Masih dalam kaitannya dengan fungsi politik, Prof Rosch menyatakan bahwa perpustakaan juga berperan dalam menyediakan dan memelihara memori kebudayaan bangsa, sekaligus kekayaan dan warisan budaya bangsa. Fungsi lain dari perpustakaan adalah fungsi informasional. Fungsi ini terwujudkan dalam penyediaan akses terhadap informasi secara bebas, demokratisasi informasi ilmiah, dan konektifitas terhadap informasi global dunia. Demokratisasi informasi ilmiah menurut Prof. Rosch adalah keberadaan informasi ilmiah sejatinya tidak hanya disediakan untuk para ilmuwan, melainkan juga bagi semua warga negara. Hal ini disebabkan informasi ilmiah dapat berdampak pada ranah politik, ekonomi, dan etika, bahkan pada kesejahteraan masyarakat secara menyeluruh. Lebih jauh lagi informasi ilmiah semestinya dapat dimonitor oleh publik, dan penggunaan informasi ilmiah tidak dapat dibatasi hanya untuk melayani kepentingan pengusaha atau ketertarikan golongan tertentu saja.

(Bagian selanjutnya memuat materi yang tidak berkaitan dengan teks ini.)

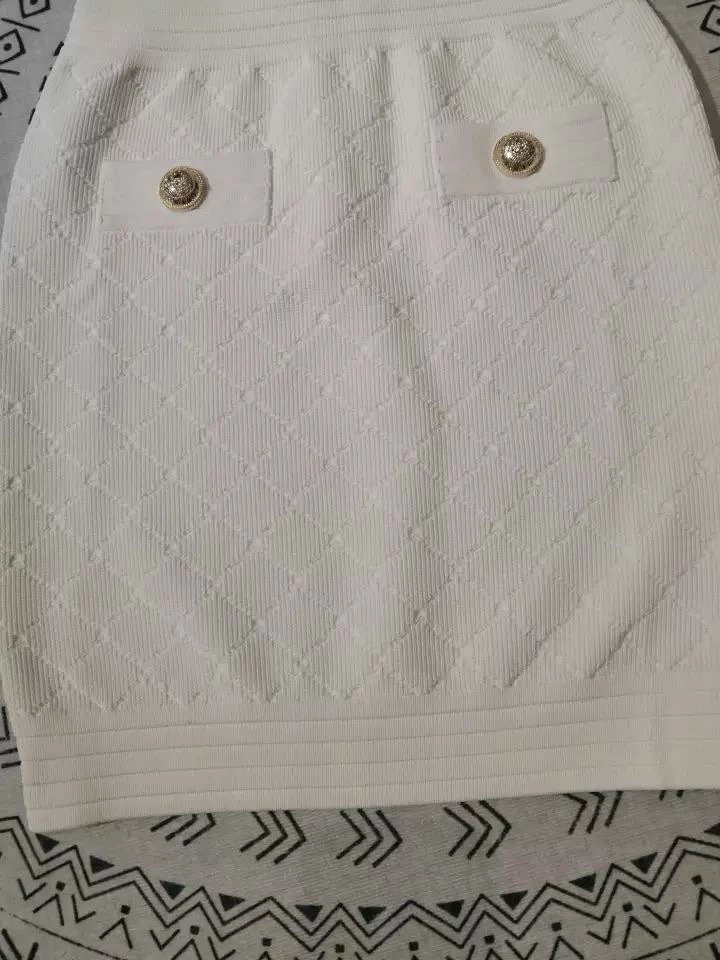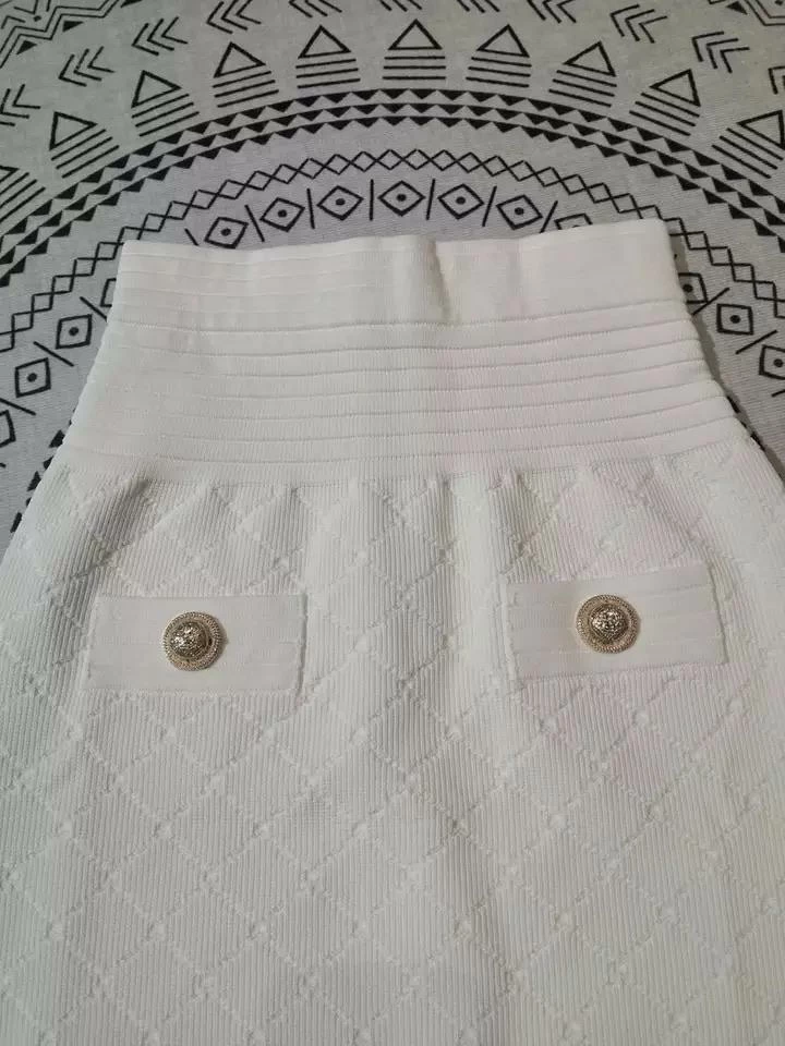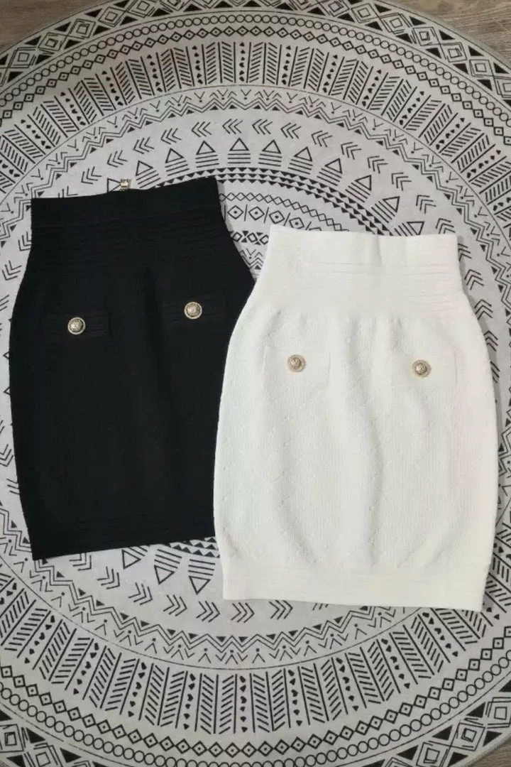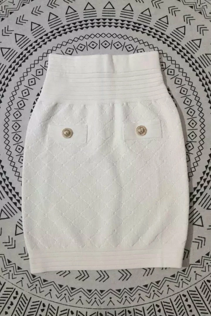 Jessica Bara Michael Gold Button Knit Mini Skirt Reve Doll Essentials

Sedangkan dalam kaitannya dengan keterkaitan perpustakaan terhadap informasi pada tataran global menurut Rosch adalah perpustakaan utamanya mampu menyediakan akses informasi global kepada semua orang. Perpustakaan juga mampu untuk menjadi penyedia fasilitas bagi perkembangan opini-opini yang independen. Akses terhadap internet merupakan layanan yang seharusnya disediakan oleh perpustakaan khususnya bagi masyarakat yang tidak memiliki infrastruktur yang memadai.

William Tuchrello dan Binni Buchori selanjutnya menegaskan kembali peran penting perpustakaan dalam era demokrasi. Menurut Binni, peran nyata perpustakaan adalah memperkuat pengetahuan warga negara tentang hak-hak mereka, utamanya, perpustakaan mampu mendemokratisasi pengetahuan. Perpustakaan merupakan kunci bagi penyediaan akses kepada pengetahuan dan ide-ide kepada setiap warganya dengan setara. Tuchrello dalam presentasinya memberikan contoh, sebuah perpustakan seperti Library of Congress mampu menjadi faktor penting dalam proses demokratisasi di Amerika.

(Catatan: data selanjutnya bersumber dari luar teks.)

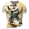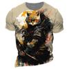 Футболка с принтом японского кота-самурая, мужская футболка с рисунком аниме
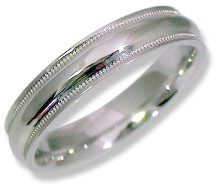 10k white gold, 3.2 grams. Polished finished with milligrain. Comfort fit. Measures 4 mm. / 3/16”. Size 7.
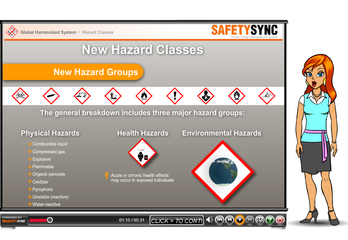 An introduction to the GHS for employees working with dangerous chemicals. GHS training is required for all employees who work with, or in proximity to Hazardous Products. This course meets the GHS legislated training requirements. This generic training may need to be supplemented with training on site-specific products.
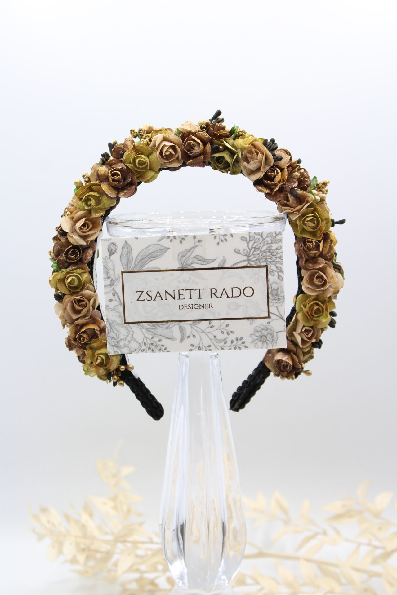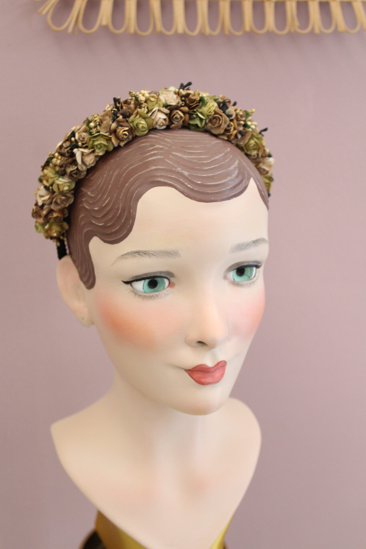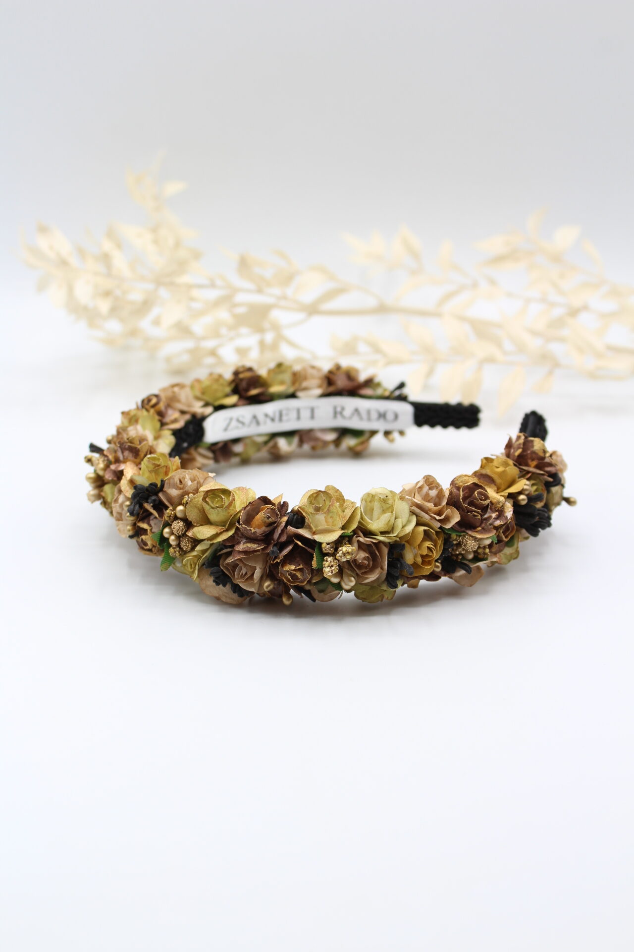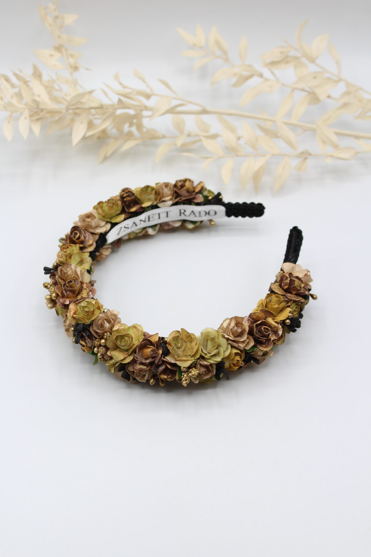 Die feinen Rosenblüten wurden von mir mit viel Liebe zum Detail handbemalt. Die Innenseite hab ich mit einer Borte fixiert, damit es beim Tragen möglichst bequem ist. Die Blüten sind dreireihig auf einem Haarreif von mir gebunden, somit ist “Aloisa” etwas auffälliger und üppiger im Design.
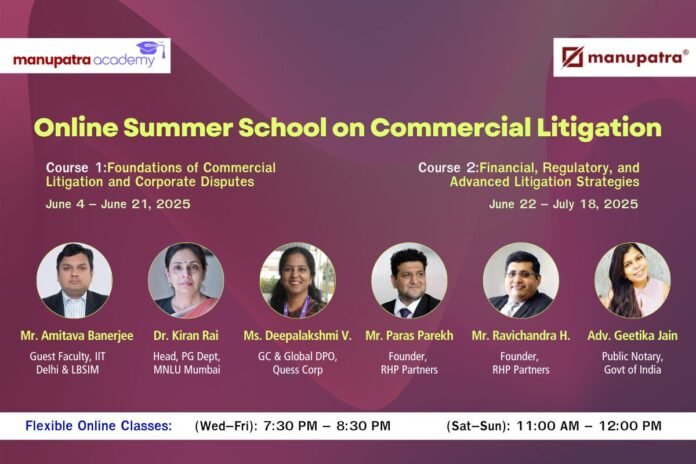Online Summer School on Commercial Litigation by Manupatra: Apply Now!
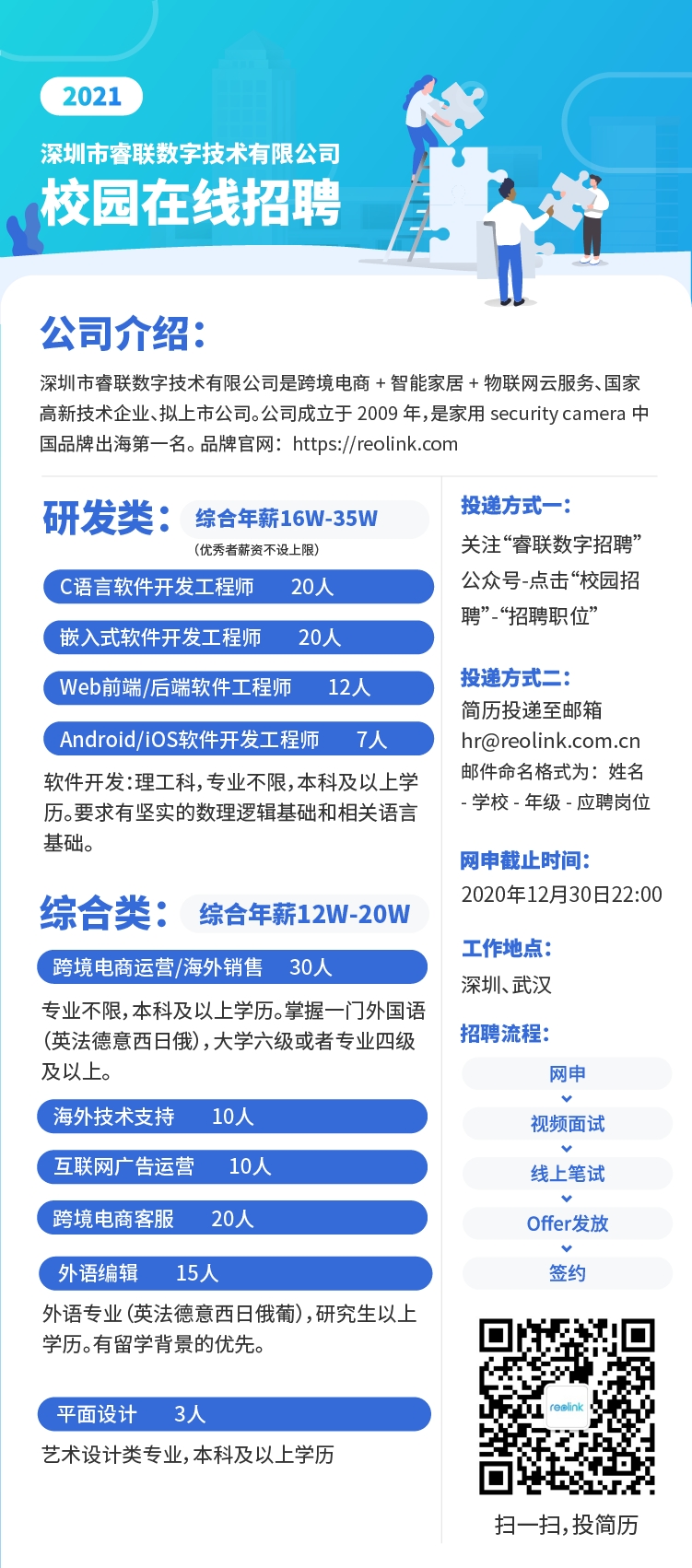 深圳市睿联数字技术有限公司2021届“新睿”招聘
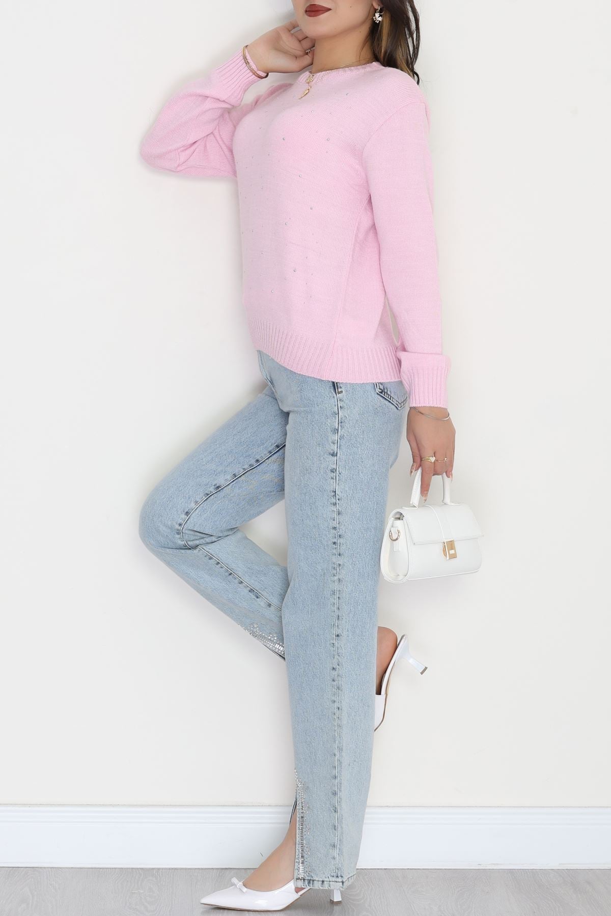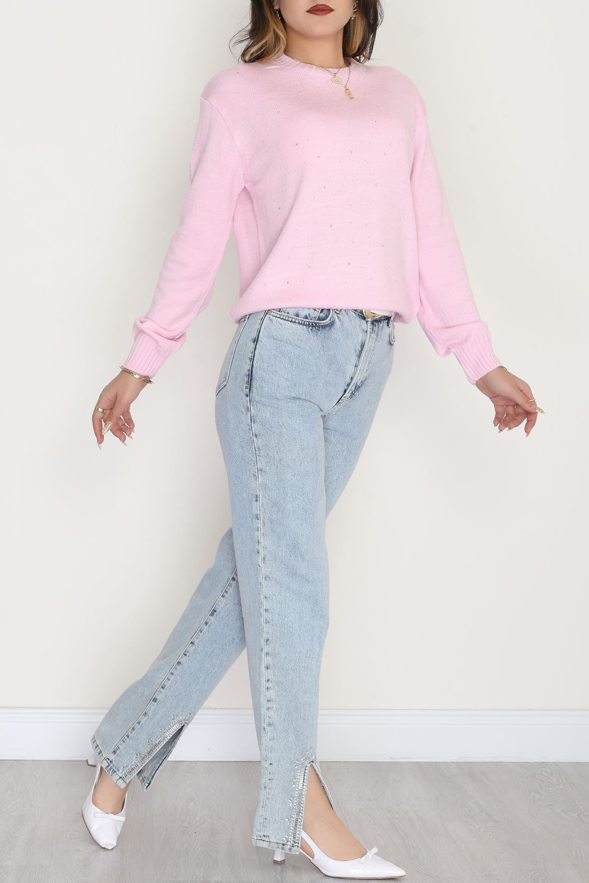 Taş Detaylı Triko Pembe - 2399.1765.

Seminar yang memberikan ruang untuk berdiskusi dengan menyediakan kesempatan berlangsungya tanya jawab antara peserta dan narasumber. Pada akhir presentasinya, Prof Rosch menyatakan bahwa ada persyaratan bagi perpustakaan untuk memaksimalkan perannya dalam demokrasi. Persyaratan tersebut antara lain adalah perpustakaan harus bekerjasama dan berjejaring disamping pembagian kerja berdasarkan kekhususan. Prof. Rosch bahkan menyebutkan jika perpustakaan dianggp penting maka pustakawan harus terlatih, cakap dan memiliki keahlian yang handal dan tentunya mendapatkan pendidikan secara berkelanjutan. Untuk menghasilkan pustakawan yang mumpuni tentunya lembaga penyelenggara pendidikan perpustakaan diharapkan dapat mengembangkan kurikulum yang mampu menjawab kebutuhan tersebut.

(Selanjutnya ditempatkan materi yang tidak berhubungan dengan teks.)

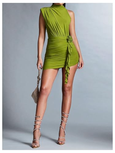 • Feature: 3D Flower, Sleeveless, Mock Neck,Ruched, Bodycon Short Dress for Women, Ladies
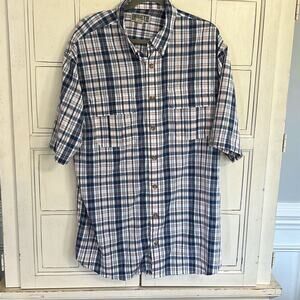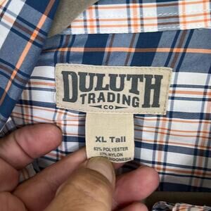 Duluth Trading Company size XLT plaid button down shirt in excellent condition. Polyester and nylon. Measures 27” from armpit to armpit and 34” long. White with blue and orange.
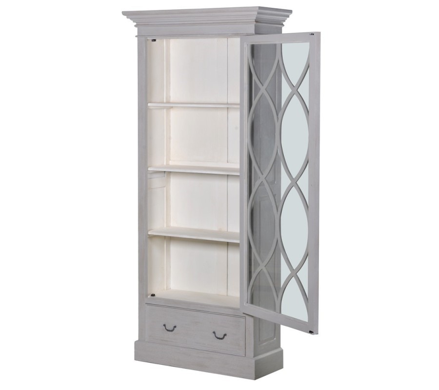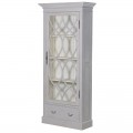 Vitrína je vyrobená z mahagónového dreva, ktoré je veľmi tvrdé a odolné. Povrch pokrýva sivý náter s takzvaným washed efektom vymytej farby, ktorý prináša do dizaju nádych vintage štýlu. Interiér skrinky je biely, čo pomôže zvýrazniť vystavené predmety. Výplň dvierok je taktiež veľmi pevná, zhotovená z bezpečnostného skla.
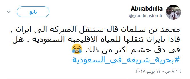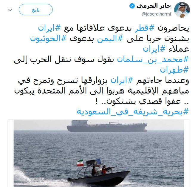 وسخر “جابر الحرمي” من كلام كان قد قاله محمد بن سلمان في إحدى لقاءاته الصحفية عن نقل الحرب الى طهران وغرد قائلا: “يحاصرون #قطر بدعوى علاقاتها مع #ايران يشنون حربا على #اليمن بدعوى #الحوثيون عملاء #ايران #محمد_بن_سلمان يقول سوف ننقل الحرب إلى #طهران وعندما جاءتهم #ايران بزوارقها تسرح وتمرح في مياههم الإقليمية هربوا إلى الأمم المتحدة يبكون .. عفوا قصدي يشتكون.. !”
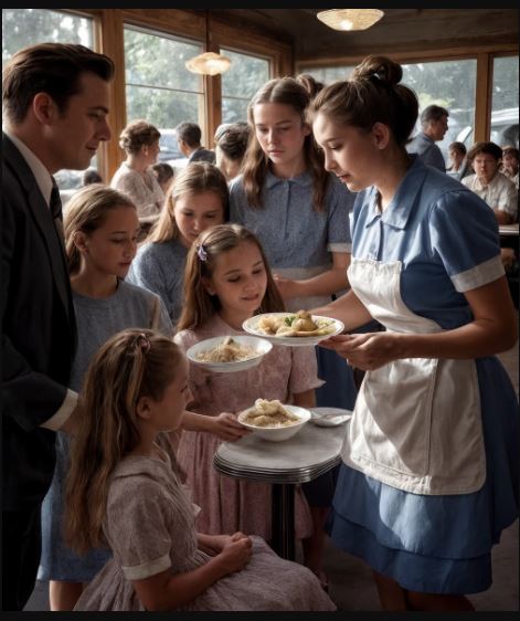 In una notte di pioggia, in una cittadina sonnolenta, Emily Parker—giovane cameriera dal grembiule sempre in ordine e le mani screpolate dal sapone—notò quattro bambine ferme sotto l’insegna tremolante della sua tavola calda. Avevano i vestiti strappiati, il viso smunto, lo sguardo di chi ha freddo allo stomaco prima ancora che alle ossa. Nessun adulto nei paraggi, nessuna casa a cui tornare.

Prof. Rosch membagi pengalamannya tentang kepustakawanan di Jerman yang berupaya untuk menemukan ”common concern” sebagai isyu untuk menyuarakan kepentingan bersama kepustakawanan Jerman. Pada prakteknya isyu besama tersebut mampu memunculkan kampanye nasional tentang perpustakaan di Jerman dengan tema ”Library as a meeting point”.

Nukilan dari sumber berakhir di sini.